PDF link with #page= results in "URL fragment identifier not found in content" [#2088461]

It appears that you can link to PDF documents, if the browser is using Acrobat Reader plugin, with a #page=nn URL fragment, which causes the PDF to open at the specified page (see http://helpx.adobe.com/acrobat/kb/link-html-pdf-page-acrobat.html, for example).

However this breaks linkchecker, which, although the link works in the browser, returns a 404 "URL fragment identifier not found in content" error.

wget --spider http://unfccc.int/resource/docs/2011/cop17/eng/09a02.pdf#page=16 says "200 OK" and "Remote file exists." but linkchecker says "404" and "URL fragment identifier not found in content".

This is technically correct, if we assume the URL points to an HTML document, but in this case it's a PDF and the fragment page=16 will never appear in the content. So the additional checking, and overriding of the 200 response with a 404 by linkchecker (added by #1875602: Check URL fragment identifiers in content), isn't wanted here.

Perhaps the checking added by #1875602: Check URL fragment identifiers in content should only be used if the returned document is of type text/html?

Comment	File	Size	Author
#4	Issue-2088461-by-fonant-hass-PDF-link-with-page-resu.patch	1.35 KB	hass
#4
#1	linkchecker-2088461.patch	1.45 KB	fonant
#1

Support from Acquia helps fund testing for Drupal Acquia logo

Comments

Comment #1

fonant CreditAttribution: fonant commented 13 September 2013 at 14:45

File	Size
linkchecker-2088461.patch	1.45 KB

A quick fix is to add a content-type check on the $response and check that we have a suitable text response (as requested in the Accept request header) before we check for the fragment being present.

Simple patch attached.

Comment #2

hass CreditAttribution: hass commented 13 September 2013 at 21:20

Version:	7.x-1.1	» 7.x-1.x-dev
Status:	Active	» Needs work

Please provide a git patch.

Comment #3

hass CreditAttribution: hass commented 13 October 2013 at 11:17

I'm wondering why this Accept has no effect:

    // URL contains a fragment.
    if (in_array($link->method, array('HEAD', 'GET')) && !empty($uri['fragment'])) {
      // We need the full content and not only the HEAD.
      $link->method = 'GET';
      // Request text content only (like Firefox/Chrome).
      $headers['Accept'] = 'text/html,application/xhtml+xml,application/xml;q=0.9,*/*;q=0.8';
    }

Comment #4

hass CreditAttribution: hass commented 13 October 2013 at 11:21

Status:

Needs work

» Needs review

File	Size
Issue-2088461-by-fonant-hass-PDF-link-with-page-resu.patch	1.35 KB

Attaching Git patch

Comment #5

hass CreditAttribution: hass commented 13 October 2013 at 11:35

Status:

Needs review

» Fixed

http://drupalcode.org/project/linkchecker.git/commit/82c810a

Comment #6

hass CreditAttribution: hass commented 13 October 2013 at 11:35

Version:	7.x-1.x-dev	» 6.x-2.x-dev
Status:	Fixed	» Patch (to be ported)

Comment #7

hass CreditAttribution: hass commented 13 October 2013 at 11:37

Status:

Patch (to be ported)

» Fixed

http://drupalcode.org/project/linkchecker.git/commit/0eaf68b

Comment #8

fonant CreditAttribution: fonant commented 17 October 2013 at 10:35

That Accept does have an effect, but it says:

"Prefer text/html or application/xhtml+xml resources (with a preference of 100%), if not then application/xml resources (with a preference of 90%), but if they aren't available I'm happy with any resource type that matches the request URL (with a preference of 80%).

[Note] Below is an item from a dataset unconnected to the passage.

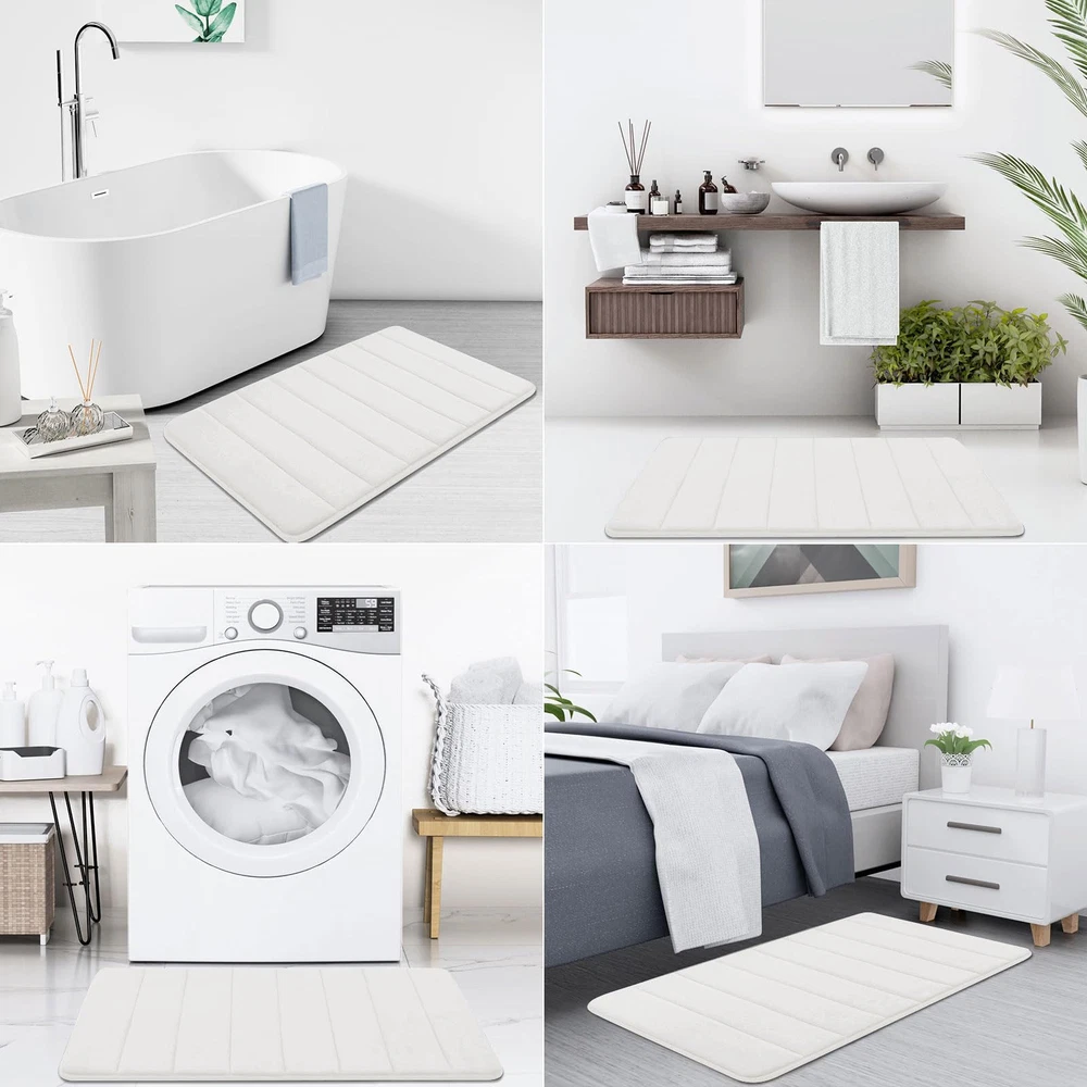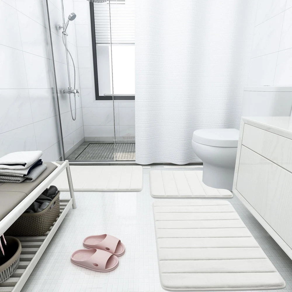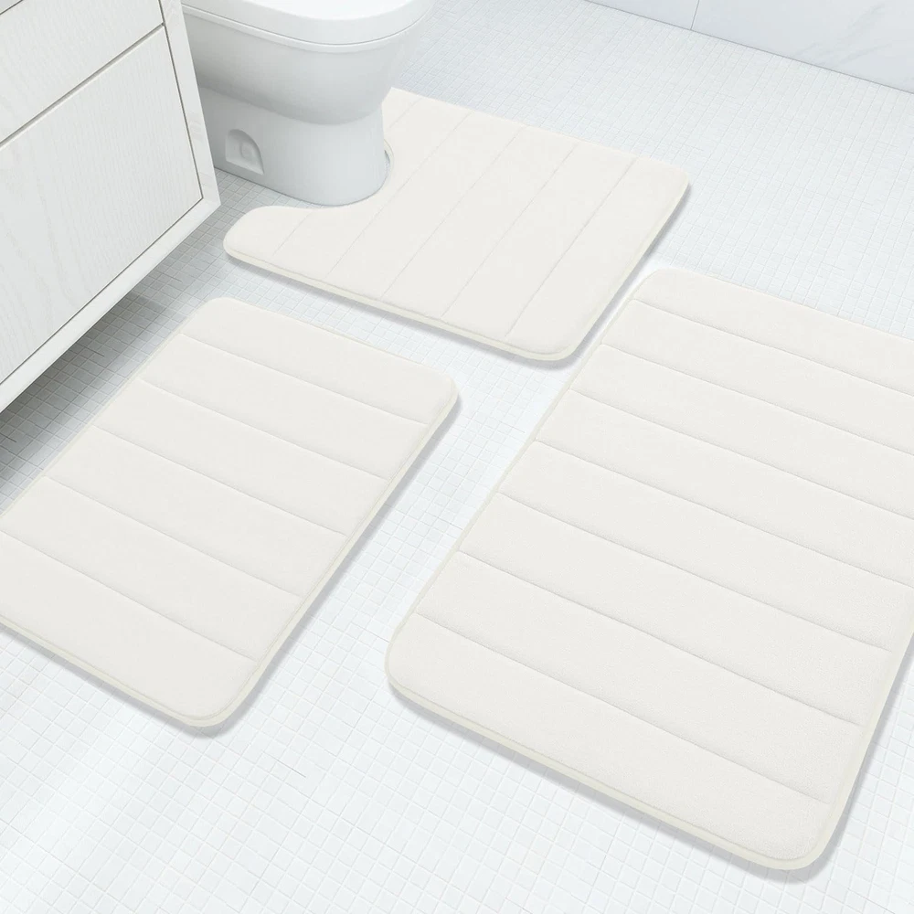Set of 3 Bath Rugs: 1 Small Bath Mat 24"x 16", 1 U-Shaped Contour Mat 24”x 20”, 1 Large Bath Mat 30”x 20”. These Luxurious bath rugs decor your home and give your bathroom a new look Non-slip and Absorbent: The bathroom rugs set backing are reinforced with non-slip PVC dots texture design to helps to stop shifting and keeps the mat in place. And the cozy plush microfiber absorbent water well, after you shower and standing on the mat, water will be absorbed quickly. WARNING: Place mat on CLEAN DRY SMOOTH FLOOR only. Water under bath mats can cause it to slip. Keep bottom of mat dry. Before using bath carpet, test with foot to ensure it doesn't move Soft Memory Foam: The bath mats set are filled with soft and comfortable polyurethane memory foam and the microfiber coral velvet outer material, soft and cozy, giving you unique added support to help eliminate pressure on your feet Machine Washable & Dryable: Machine wash in cold water. Do not use chlorine or bleach. Tumble dry on low heat or lay to air dry, the memory foam bath mat dries exceptionally fast. Color will stay nice and vibrant no matter how many times they’ll be washed and dried Remove the Crease: Our bath mat is packaged using our innovative rolled packaging method. To effectively remove the creases, please follow these steps: 1. Place a damp towel over the folded sections of the bath mat; 2. Gently press and move the iron across the mat periodically. This process should significantly reduce the creases, Once the creases are minimized, the bath mat can be placed anywhere in the bathroom

It's a little easier to read if you insert spaces, as commas separate the options. The semicolons have lower precedence, and are used to specify the relative weighting of each option: 'text/html, application/xhtml+xml, application/xml;q=0.9, */*;q=0.8'

This is good, because we _do_ want to be able to test for the existence of non-text resources, such as images and PDF files.

The problem is merely in assuming that the response is HTML if there is a "#" in the URL, which is mostly the case, but not always: Acrobat allows the use of # to indicate a page number in a PDF.

Comment #9

hass CreditAttribution: hass commented 17 October 2013 at 13:54

Yeah, I know, but I expected that the server may throw an error if I request foo and he can only deliver bar... however never tested it :-). This hopefully works now.